- Activity -
The copy should begin at the line containing "ЈЕДАН бицикл подлетео" and end at the last line of the material. Please reproduce those lines exactly and keep pictures out.

- Supplied information -
———
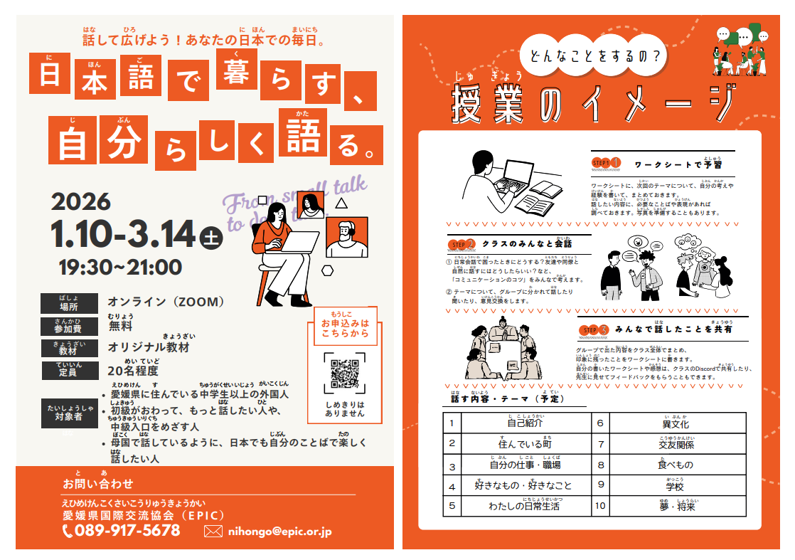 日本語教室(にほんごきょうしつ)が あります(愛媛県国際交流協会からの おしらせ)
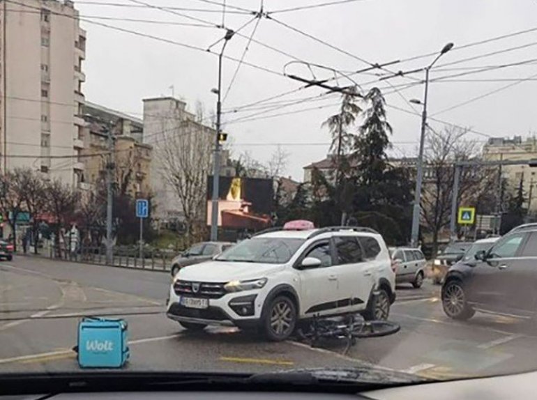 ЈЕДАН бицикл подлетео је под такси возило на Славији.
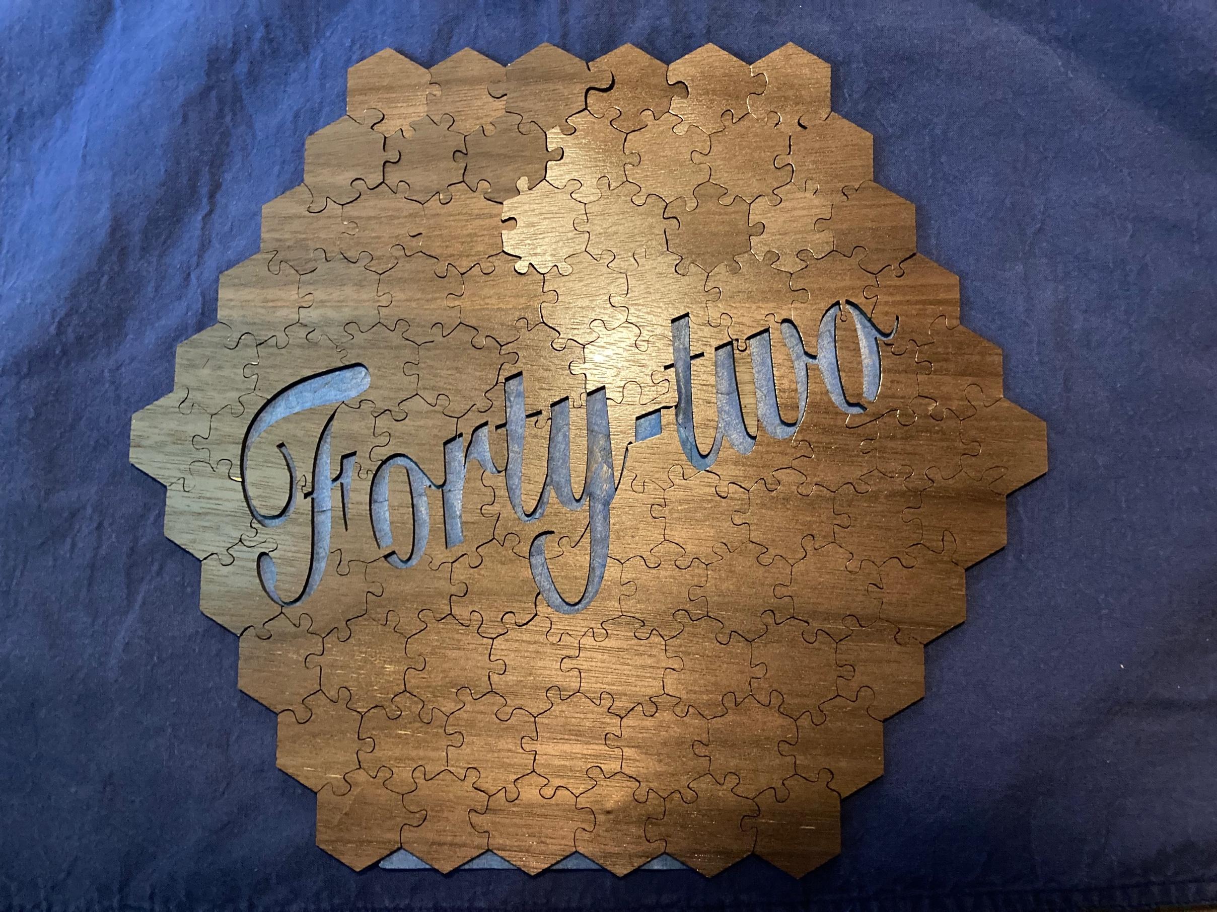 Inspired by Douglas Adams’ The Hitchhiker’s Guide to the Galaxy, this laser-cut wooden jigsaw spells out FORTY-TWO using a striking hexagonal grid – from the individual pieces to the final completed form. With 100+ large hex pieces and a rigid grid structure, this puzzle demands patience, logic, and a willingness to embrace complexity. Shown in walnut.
———
- Task result -
 ЈЕДАН бицикл подлетео је под такси возило на Славији.
 Inspired by Douglas Adams’ The Hitchhiker’s Guide to the Galaxy, this laser-cut wooden jigsaw spells out FORTY-TWO using a striking hexagonal grid – from the individual pieces to the final completed form. With 100+ large hex pieces and a rigid grid structure, this puzzle demands patience, logic, and a willingness to embrace complexity. Shown in walnut.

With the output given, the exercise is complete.